Directions: One exact copy of the listing, minus the images, is the required answer.

Dataset section:
:::

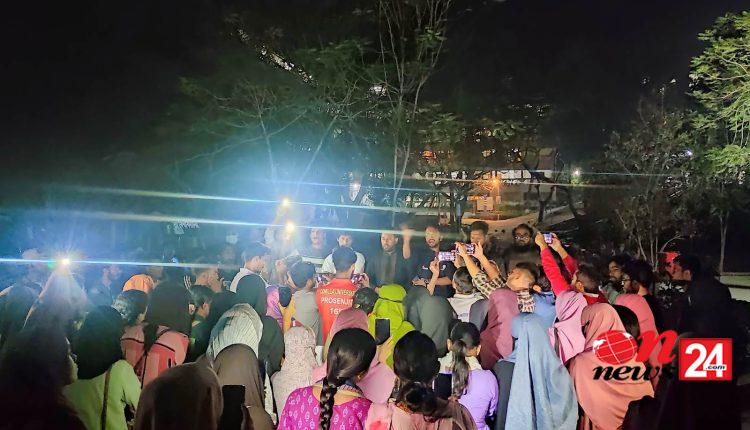 এ সময় শিক্ষার্থীরা ‘তুমি কে আমি কে, আছিয়া আছিয়া’ ‘ জ্বালো রে জ্বালো, আগুন জ্বালো’ ‘ধর্ষকের শাস্তি, মৃত্যু মৃত্যু’ ‘ধর্ষকদের আস্তানা, ভেঙে দাও গুড়িয়ে দাও’ ‘আসিফ নজরুল তুই আইন দে, নয়তো গদি ছাইড়া দে’ ইত্যাদি স্লোগান দিতে থাকেন।
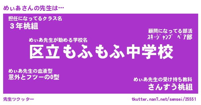 | ヘコむあだ名 | 『めぃにゅー』『酢こんぶ』 |
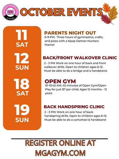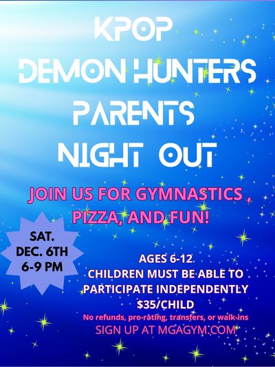Enjoy three hours of gymnastics, pizza, and fun activities on our themed Parents Night Out events!
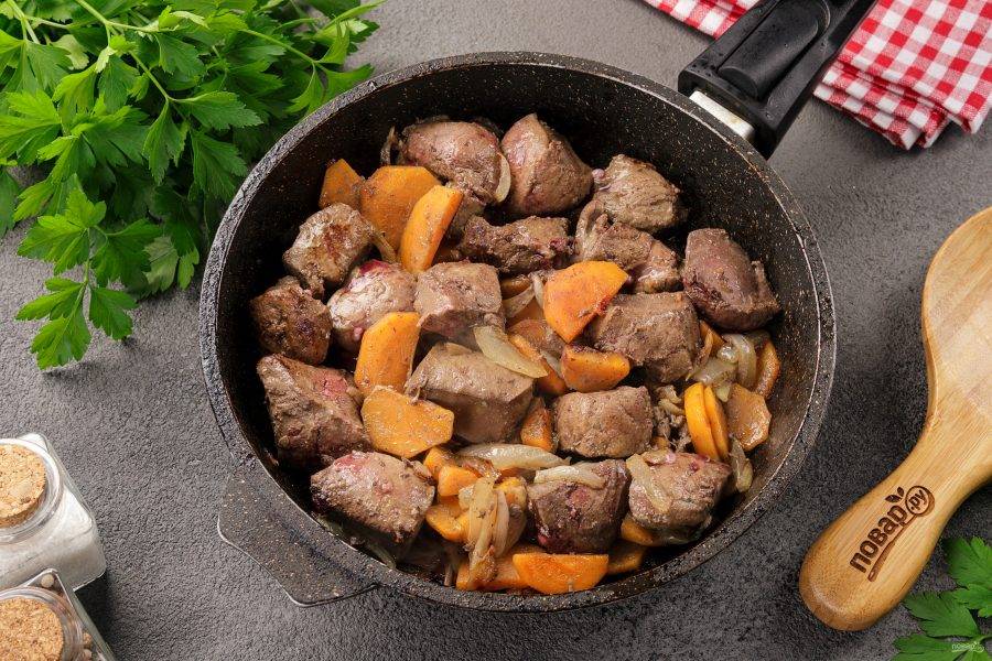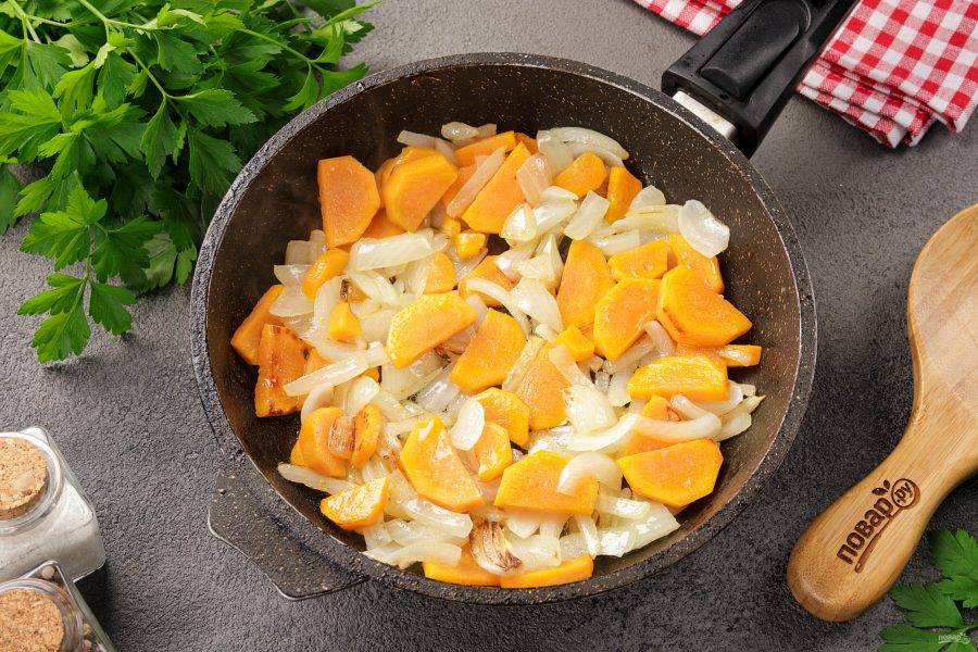 Перемешайте и готовьте всё вместе на среднем огне 5-7 минут.

:::

Exercise solution:
 এ সময় শিক্ষার্থীরা ‘তুমি কে আমি কে, আছিয়া আছিয়া’ ‘ জ্বালো রে জ্বালো, আগুন জ্বালো’ ‘ধর্ষকের শাস্তি, মৃত্যু মৃত্যু’ ‘ধর্ষকদের আস্তানা, ভেঙে দাও গুড়িয়ে দাও’ ‘আসিফ নজরুল তুই আইন দে, নয়তো গদি ছাইড়া দে’ ইত্যাদি স্লোগান দিতে থাকেন।
 | ヘコむあだ名 | 『めぃにゅー』『酢こんぶ』 |
Enjoy three hours of gymnastics, pizza, and fun activities on our themed Parents Night Out events!
 Перемешайте и готовьте всё вместе на среднем огне 5-7 минут.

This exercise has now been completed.